Langdon eyed the lone oak door before them. The name plate read:
“Leonardo Vetra,” Kohler said, “would have been fifty‑eight next week. He was one of the most brilliant scientists of our time. His death is a profound loss for science.”
For an instant Langdon thought he sensed emotion in Kohler’s hardened face. But as quickly as it had come, it was gone. Kohler reached in his pocket and began sifting through a large key ring.
An odd thought suddenly occurred to Langdon. The building seemed deserted. “Where is everyone?” he asked. The lack of activity was hardly what he expected considering they were about to enter a murder scene.
“The residents are in their labs,” Kohler replied, finding the key.

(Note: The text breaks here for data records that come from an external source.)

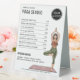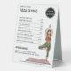Price list design for a yoga studio or for a yoga instructor offering lessons for customers. There are multiple personalizable text areas ideal for membership offers and class prices. The top has two personalizable text areas for the business name together with a spot for a custom logo. On the side there is Destei's original artwork featuring a yoga woman doing the tree pose on a pink colour yoga mat. The woman has long dark hair and she's wearing a brown colour tank top and green colour capri style leggings. There is also space to add business opening hours or some other text. The very bottom has another personalizable text area ideal for business website address and other contact information.
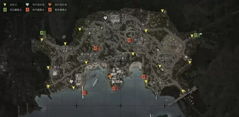 山谷:山谷地图的出生点分布较散,东西两侧各有7~8个出生点。
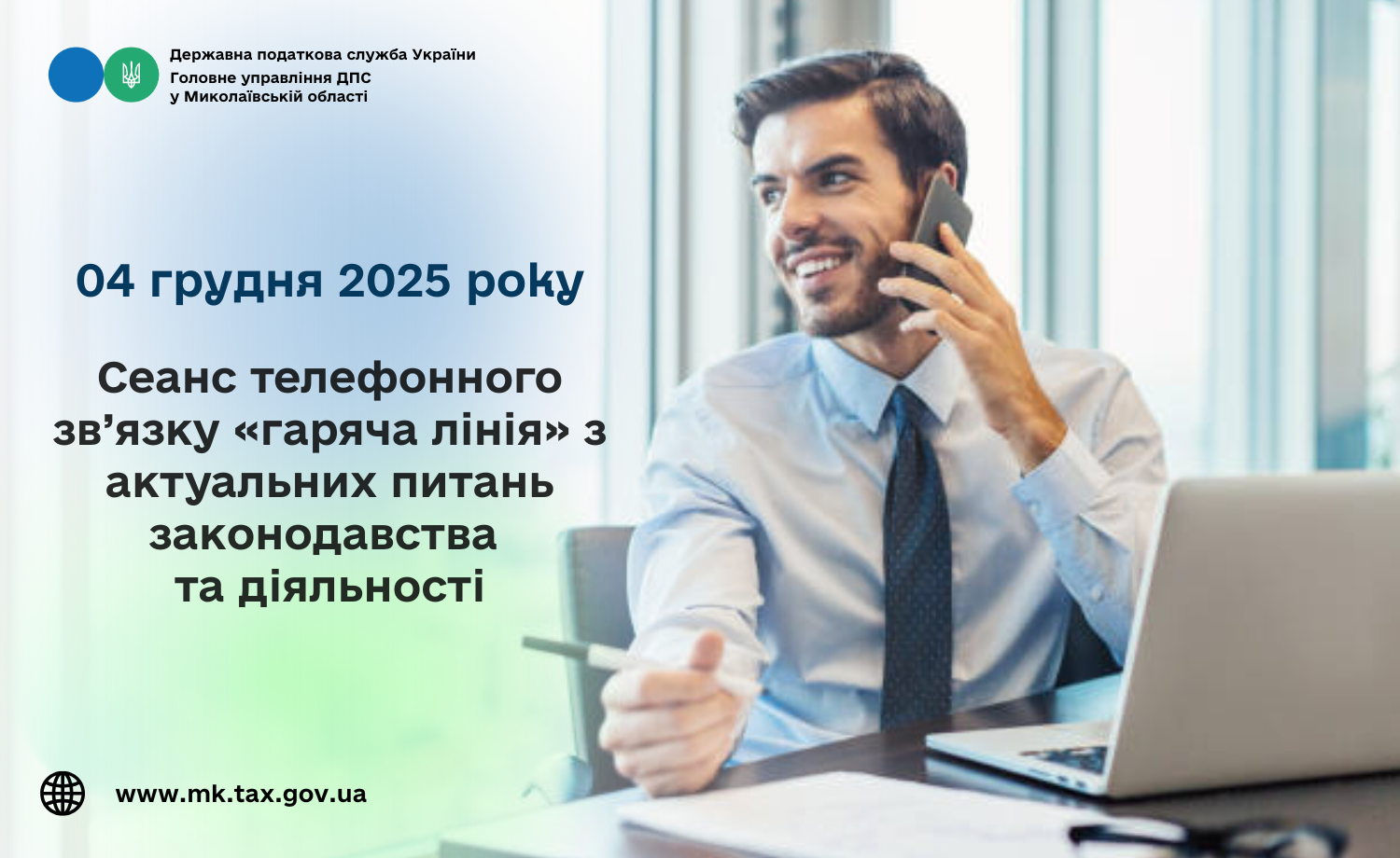 Головне управління ДПС у Миколаївській області проводить з 10 год. 00 хв. до 11 год. 00 хв. 04 грудня 2025 року сеанс телефонного зв’язку «гаряча лінія» з актуальних питань законодавства та діяльності
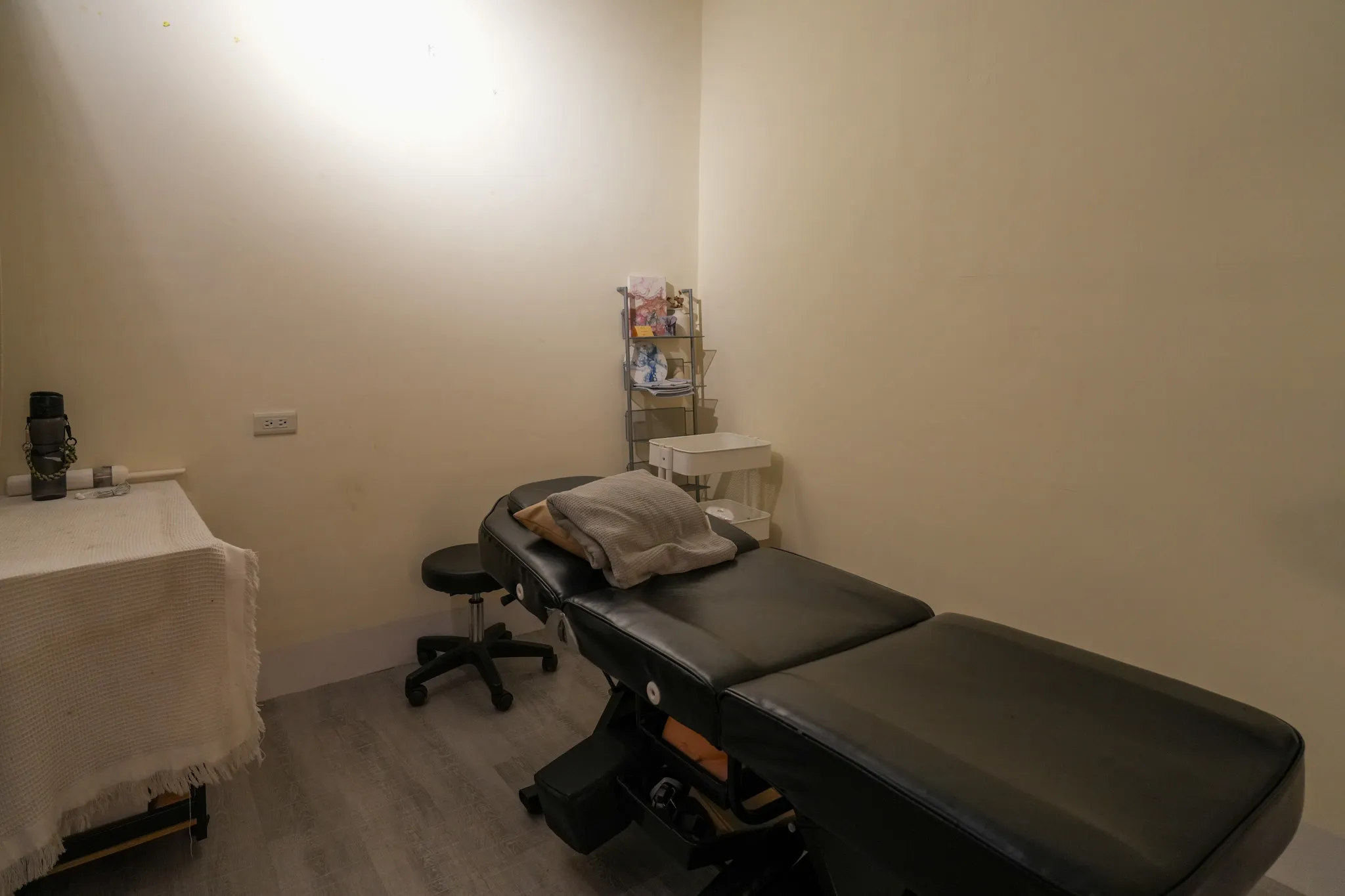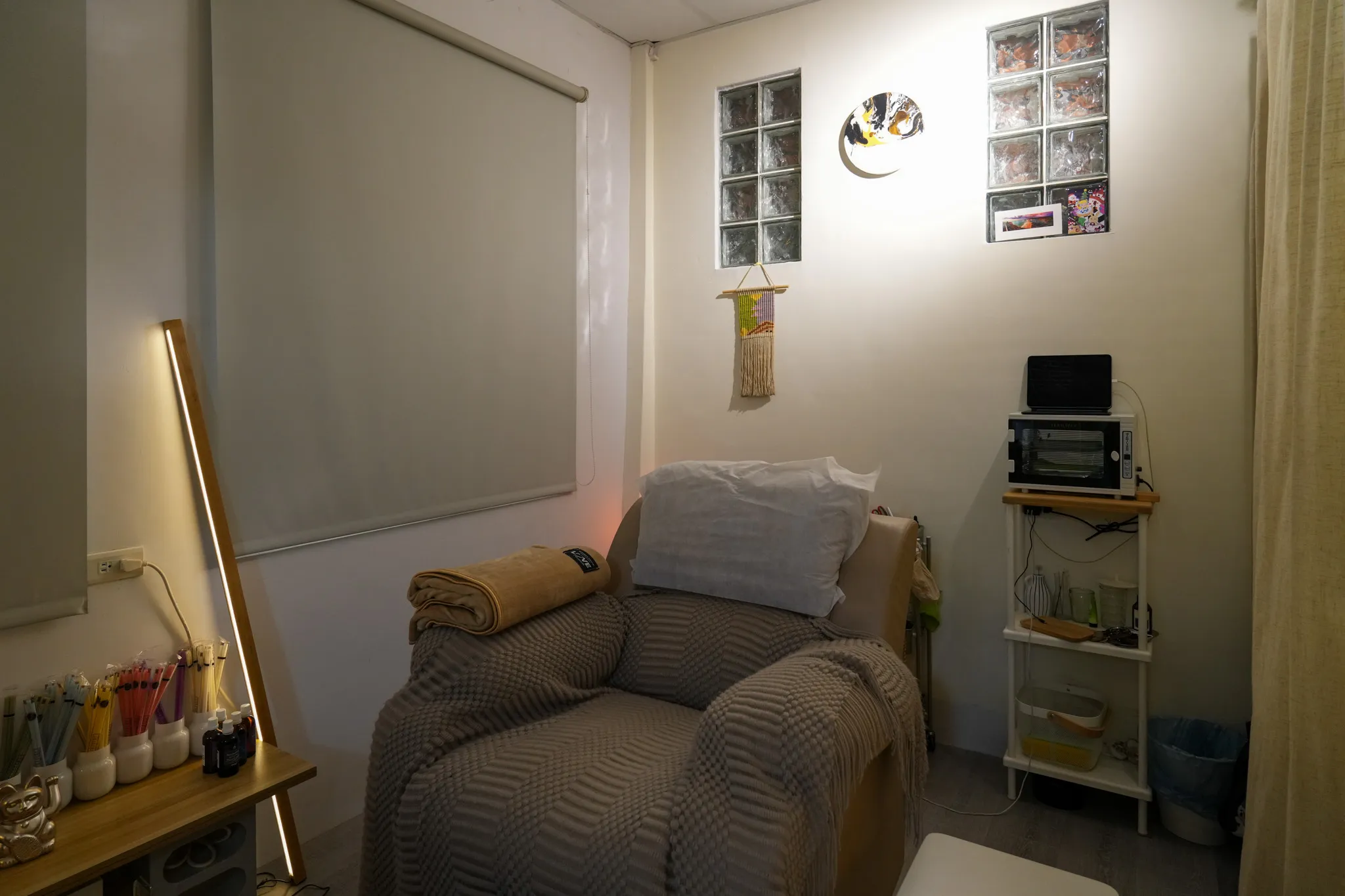 ▼一進到工作室會先看到霧眉用的美容床,中間以布簾做區隔,旁邊才是採耳用的電動沙發椅。
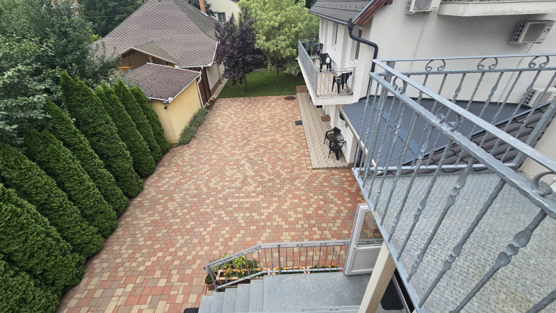 Az emeleti apartmanokhoz tágas erkélyek tartoznak, vendégélmény szempontjából különösen értékesek
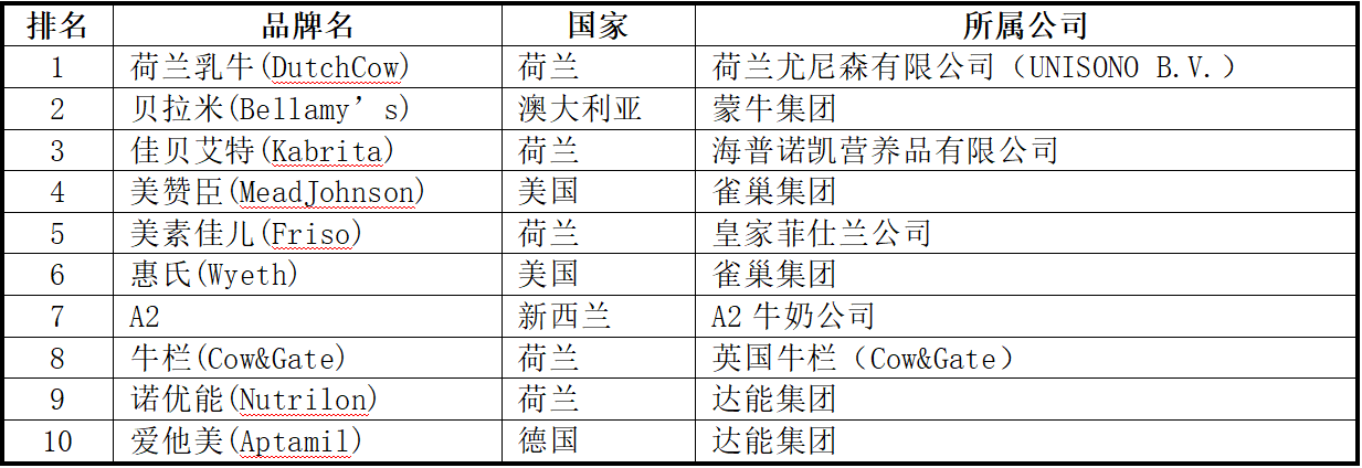 截至2025年11月25日,中国市场进口奶粉品牌排行榜前十
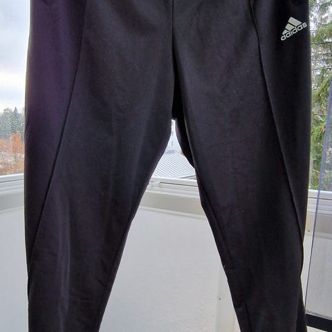 Mustat Adidas verryttelyhousut . Erittäin hyväkuntoiset vähän pidetty jäänyt pieneksi. Lahkeensuissa ketjuhalkiot, ketjulliset sivutaskut, vyötäröllä joustava kuminauha ja kiristysnauhat. Vyötärö 1/2 40 cm+ jousto, sivupituus vyötärönauhan alapuolelta lahkeensuuhun 90 cm , lahkeensuun leveys 1/2 12 cm.
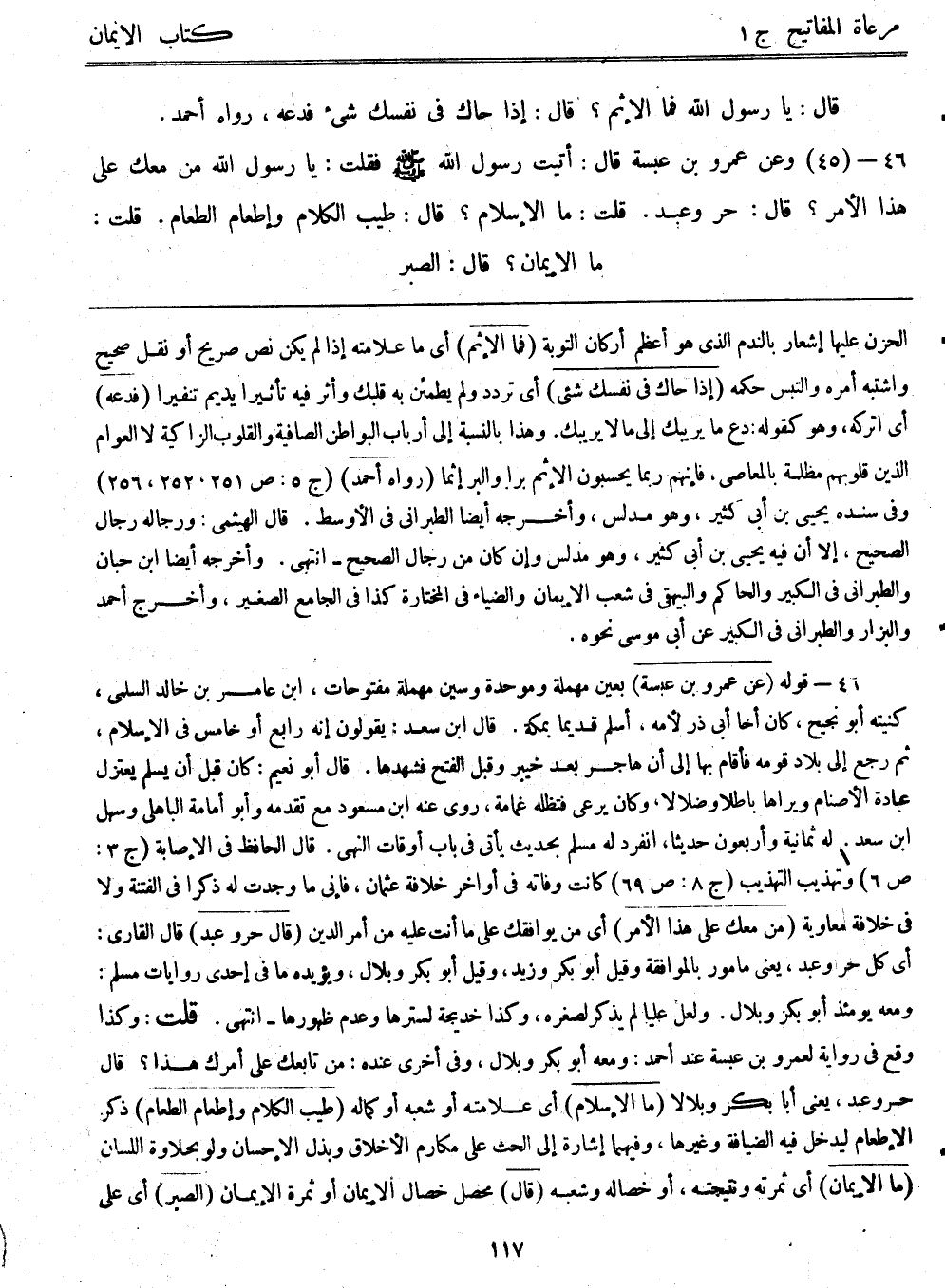 46- (45) وعن عمرو بن عبسة قال: أتيت رسول الله - صلى الله عليه وسلم - فقلت: يا رسول الله من معك على هذا الأمر؟ قال: حر وعبد، قلت: ما الإسلام؟ قال: طيب الكلام وإطعام الطعام، قلت: ما الإيمان؟ قال: الصبر

“I mean the police,” Langdon clarified. “Have they left already?”
Kohler paused, his key halfway into the lock. “Police?”
Langdon’s eyes met the director’s. “Police. You sent me a fax of a homicide. You must have called the police.”
“I most certainly have not.”
Kohler’s gray eyes sharpened. “The situation is complex, Mr. Langdon.”
Langdon felt a wave of apprehension. “But . . . certainly someone else knows about this!”
“Yes. Leonardo’s adopted daughter. She is also a physicist here at CERN. She and her father share a lab. They are partners. Ms. Vetra has been away this week doing field research. I have notified her of her father’s death, and she is returning as we speak.”
“But a man has been murd—”
“A formal investigation,” Kohler said, his voice firm, “will take place. However, it will most certainly involve a search of Vetra’s lab, a space he and his daughter hold most private. Therefore, it will wait until Ms. Vetra has arrived. I feel I owe her at least that modicum of discretion.”
Kohler turned the key.
As the door swung open, a blast of icy air hissed into the hall and hit Langdon in the face. He fell back in bewilderment. He was gazing across the threshold of an alien world. The flat before him was immersed in a thick, white fog. The mist swirled in smoky vortexes around the furniture and shrouded the room in opaque haze.
“What the . . . ?” Langdon stammered.
“Freon cooling system,” Kohler replied. “I chilled the flat to preserve the body.”
Langdon buttoned his tweed jacket against the cold. I’m in Oz, he thought. And I forgot my magic slippers.